Пуговица, или серебряные часы с ключиком - Вельм Альфред. Страница 7

— Заткнись! — взорвалась фрау Пувалевски.

Фрау Сагорайт замолчала и спряталась за спины остальных.

Старый Комарек закопал ямку. Фрау Пувалевски так и осталась стоять под ивой, не проронив ни единой слезы. Сестры-двойняшки сидели рядышком и перешептывались, изредка опуская руки в старую кожаную сумку. Слышно было, как стучали комья земли, как шептались сестры и как высоко в небе пел жаворонок.

— Что ж, пошли… — сказал старый Комарек.

12

Порой Генрих засматривается на косяки диких гусей. Кажется, что они кричат ему что-то сверху.
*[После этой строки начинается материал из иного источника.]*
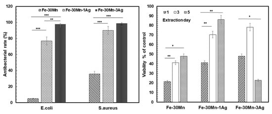 Antibacterial rate and cell viability of Fe-30Mn, Fe-30Mn-1Ag and Fe-30Mn-3Ag (*** is p < 0.001, ** represents p < 0.01 and * is p < 0.05) (Reprinted with permission from Ref. [10]. Copyright @ 2018, Elsevier).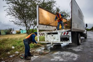 Son varias toneladas de basura las que han sido extraídas de los drenes y levantadas en las bocas de tormenta, motivo por el cual, las autoridades de Protección Civil exhortan a la población a no tirar basura en las calles de la ciudad y principalmente no sacar contenedores o bolsas de desechos cuando se registran precipitaciones pluviales.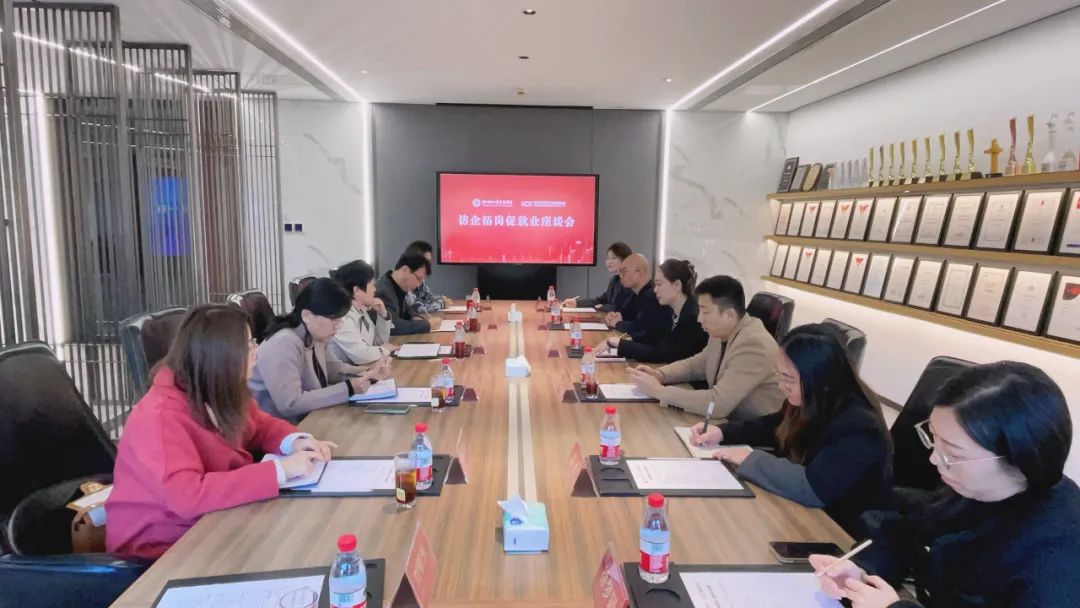 随后,双方在公司多功能厅开展“访企拓岗促就业”专项座谈会。刘媛董事长首先对各位领导一行的到访表示热烈欢迎,同时表示ACE赫宸设计作为目前华北地区规模最大的室内设计公司,近年来积极推进产教融合的实践教学,已和多所高校达成战略合作,建立起多个大学生社会实践基地、创意设计产业学院和教学实习基地,通过设置专业课程,与院校协同育人培养专业人才,为行业培养新生力量,推动行业的高质量发展。希望以此次座谈为契机,增进双方之间的联系联动,在产教融合、就业需求、实习实训等方面实现合作共赢。

Они ведь тоже в пути! Но они летят на северо-восток и на восток…

Мальчишка вспоминает те дни, когда они ехали с Ошкенатом по бесконечной косе. Барон частенько прикладывался к охотничьей фляге и потом долго не мог засунуть ее в карман шубы. Однако всякий раз, перед тем как сделать глоток, он обращался к матери Генриха и говорил:

«С вашего разрешения…»

Они ехали мимо жиденького соснячка, но Ошкенат почему-то принимался расхваливать его:

«Какой лес! Корабельные сосны!»

«Настоящие корабельные, господин фон Ошкенат».

«А скажи-ка мне, Генрих, чей эта такой прекрасный лес?»

«Господина фон Ошкената», — отвечал он.

Довольный Ошкенат кивал, поглядывая на жиденькие сосенки.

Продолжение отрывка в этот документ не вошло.